Dividends are usually paid out of company earnings. If a company is paying more than it earns, then the dividend might become unsustainable - hardly an ideal situation. Comparing dividend payments to a company's net profit after tax is a simple way of reality-checking whether a dividend is sustainable. Looking at the data, we can see that 46% of Beijer Ref's profits were paid out as dividends in the last 12 months. This is a middling range that strikes a nice balance between paying dividends to shareholders, and retaining enough earnings to invest in future growth. One of the risks is that management reinvests the retained capital poorly instead of paying a higher dividend.

Another important check we do is to see if the free cash flow generated is sufficient to pay the dividend. Beijer Ref's cash payout ratio last year was 23%, which is quite low and suggests that the dividend was thoroughly covered by cash flow. It's encouraging to see that the dividend is covered by both profit and cash flow. This generally suggests the dividend is sustainable, as long as earnings don't drop precipitously.
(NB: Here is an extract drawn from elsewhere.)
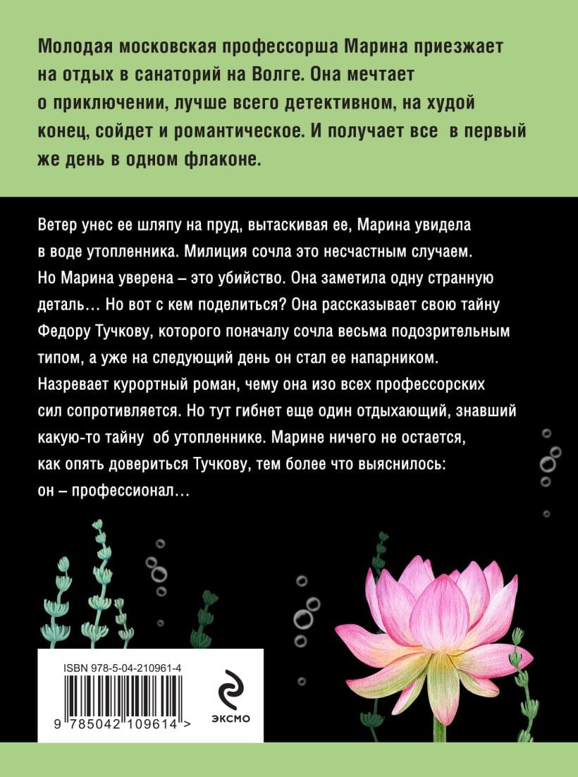 Молодая московская профессорша Марина приезжает на отдых в санаторий на Волге. Она мечтает о приключении, лучше всего детективном, на худой конец сойдет и романтическое. И получает все в первый же день в одном флаконе. Ветер унес ее шляпу на пруд, вытаскивая ее, Марина увидела в воде утопленника. Милиция сочла это несчастным случаем. Но Марина уверена — это убийство. Она заметила одну странную деталь… Но вот с кем поделиться? Она рассказывает свою тайну Федору Тучкову, которого поначалу сочла весьма подозрительным типом, а уже на следующий день он стал ее напарником. Назревает курортный роман, чему она изо всех профессорских сил сопротивляется. Но тут гибнет еще один отдыхающий, знавший какую-то тайну об утопленнике. Марине ничего не остается, как опять довериться Тучкову, тем более что выяснилось: он — профессионал…

Is Beijer Ref's Balance Sheet Risky?

As Beijer Ref has a meaningful amount of debt, we need to check its balance sheet to see if the company might have debt risks. A quick way to check a company's financial situation uses these two ratios: net debt divided by EBITDA (earnings before interest, tax, depreciation and amortisation), and net interest cover. Net debt to EBITDA is a measure of a company's total debt. Net interest cover measures the ability to meet interest payments on debt. Essentially we check that a) a company does not have too much debt, and b) that it can afford to pay the interest. With net debt of more than twice its EBITDA, Beijer Ref has a noticeable amount of debt, although if business stays steady, this may not be overly concerning.